– Знаете, я в это не верю… Ну ладно еще – картину на выставке испортить или даже убить людей с татуировками, как это ни ужасно… Но мертвецов-то из могил зачем выкапывать? И тела расчленять… – При этих словах Вику слегка передернуло. – Зачем? Кому, уж простите меня, придет в голову лезть в могилу, чтобы посмотреть на картину, наколотую на спине покойника?
– Только психу. – Я не мог с ней не согласиться. И Вику мой ответ вдруг неожиданно обрадовал.
– Вот именно – психу! – воскликнула она. – И у меня даже есть подозрение, какому именно. Знаете, когда вы забыли у меня книгу Маньковского, я из любопытства ее просмотрела. И решила, что автор не в своем уме. Вот, сейчас… – Она вытащила из сумки брошюру и пролистала, ища нужное место. Послушайте, что он пишет о разрушительности современного искусства: «Другие произведения искусства, наоборот, связывают ее – имеется в виду, душу, – преграждая естественный для человека путь ввысь.

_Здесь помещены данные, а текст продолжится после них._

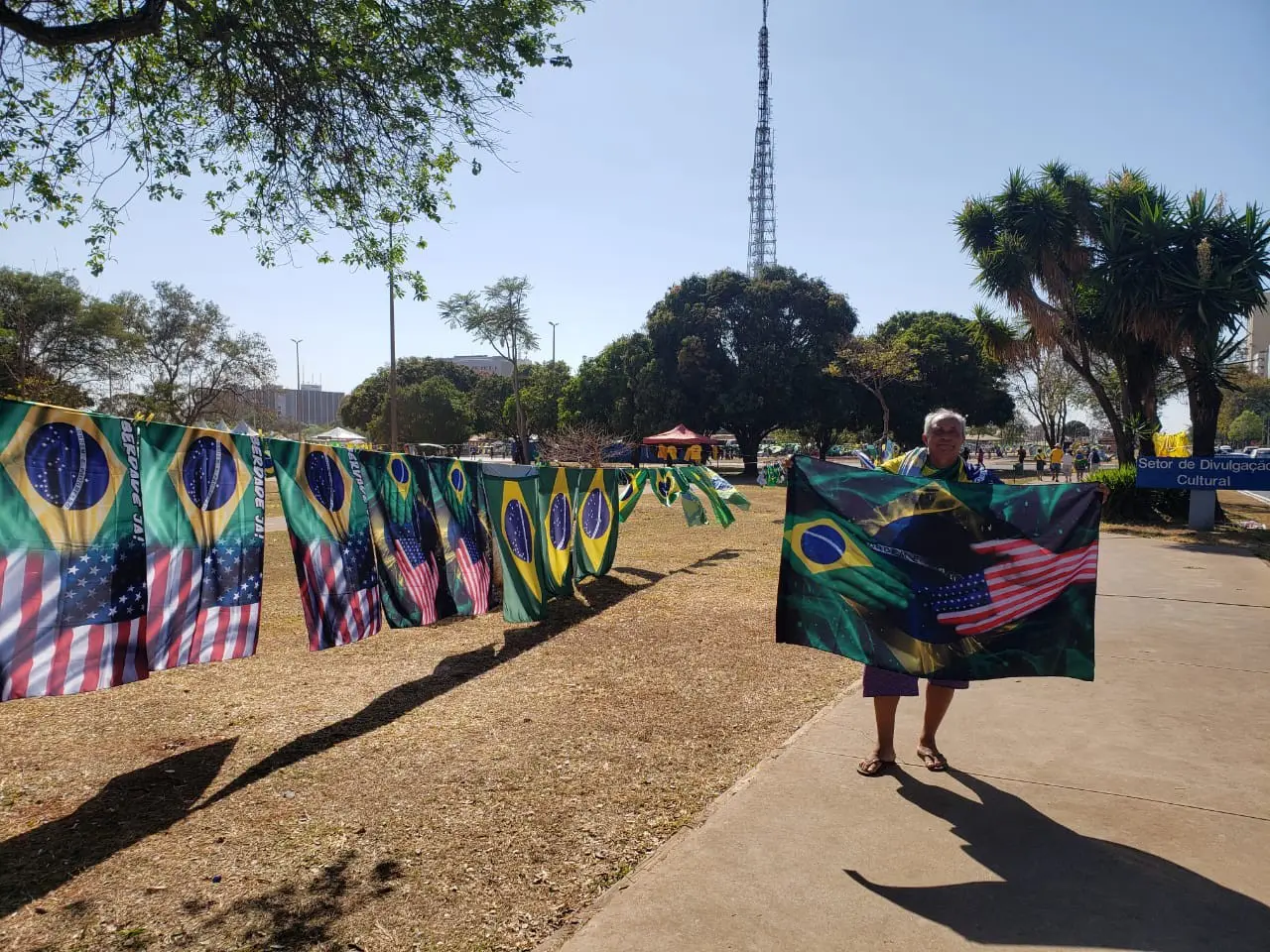 Ambulante vende bandeiras próximo à concentração de manifestantes em Brasília. (Foto: Aline Rechmann/Gazeta do Povo)
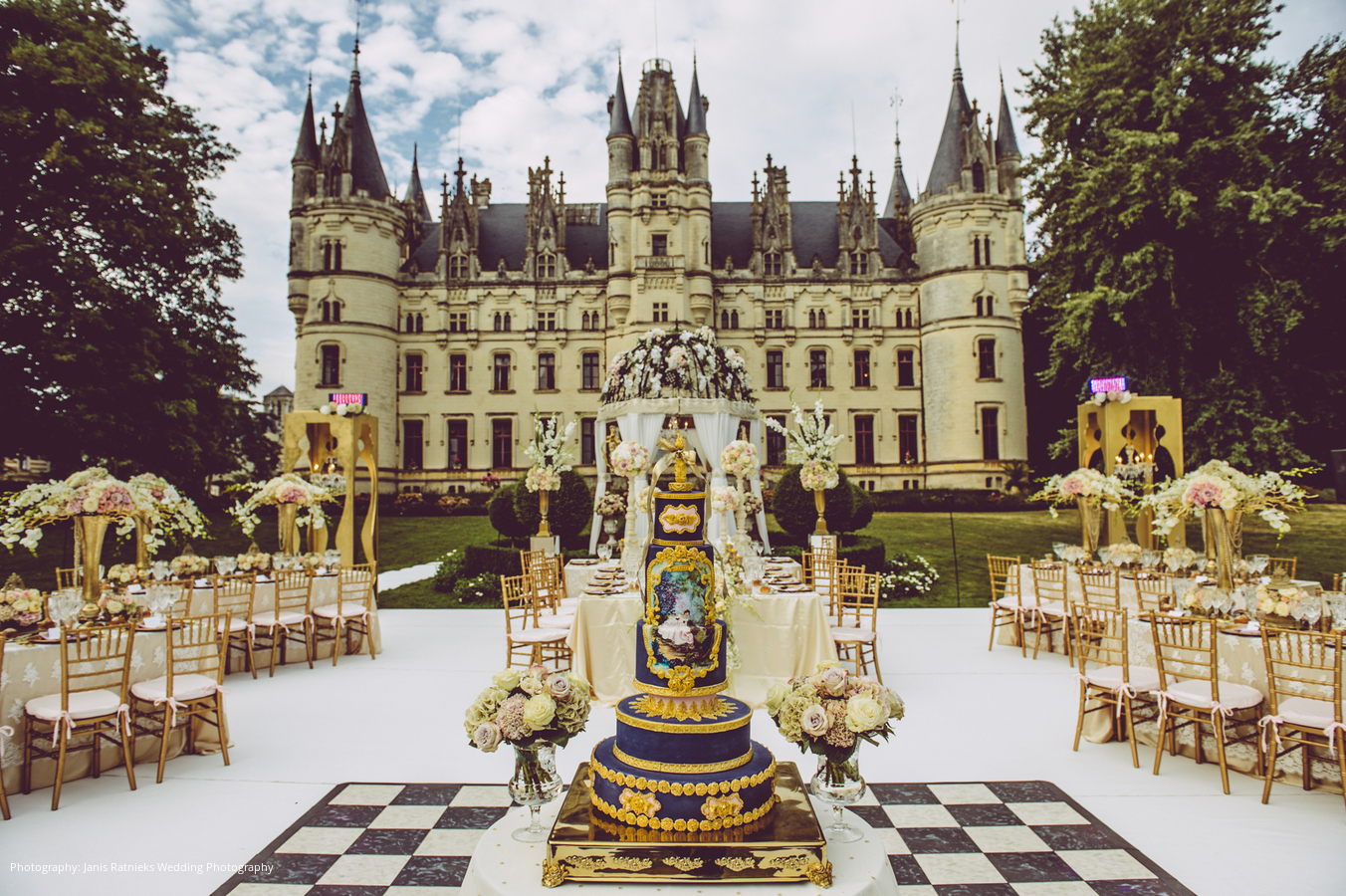 Location and Cake: Chateau de Challain Challain-la-Potherie, France; Wedding Dress, Headpiece and Earrings: Ines Di Santo, Bride’s Shoes: Jimmy Choo, Groom’s Attire: Gotstyle; Hair & Makeup: Louisa Liao, Cinematography: Agi Studio, Toronto, ON, Canada

Здесь и далее мы будем называть их «тлетворный артефакт». Эти произведения могут приковать к себе душу, посадить ее на невидимую цепь – мнемопрограмму, которую сам человек не ощущает. Для того чтобы освободить скованную произведением душу, следует механически расчленить, разорвать, а лучше всего сжечь воздействующий на нее рисунок, разрушая тем самым созданные им порочные связи…»
– Ну мало ли, что он мог набредить в книге… – возразил я, но как-то не слишком уверенно.
– Не только в книге, – нахмурилась Вика. – Помните, я рассказывала, как он приходил к нам домой и разговаривал с мамой? Мне он уже тогда показался странным… И – я припомнила – уже тогда гнал какую-то пургу об отрицательной энергии, негативном влиянии, скрытой угрозе и тому подобной ерунде…
Я сосредоточился и попытался вспомнить подробности своей личной встречи с Маньковским. Похож ли он на сумасшедшего, да еще настолько одержимого, способного убивать людей из-за каких-то татуировок? Ну хорошо, пусть не «каких-то», пусть сделанных гениальным художником. Но все равно поверить в подобное было трудно. Хотя… Кто их знает, этих маньяков. Ведь я их никогда в жизни не видел. Только в фильмах, с которых делал копии, а они разлетались, как горячие пирожки. И в этих фильмах, таких как «Попутчик» и «Молчание ягнят», маньяки сначала совсем не походили на сумасшедших. Наоборот, были необыкновенно умны, изобретательны, некоторые даже обаятельны, как Ганибал Лектер…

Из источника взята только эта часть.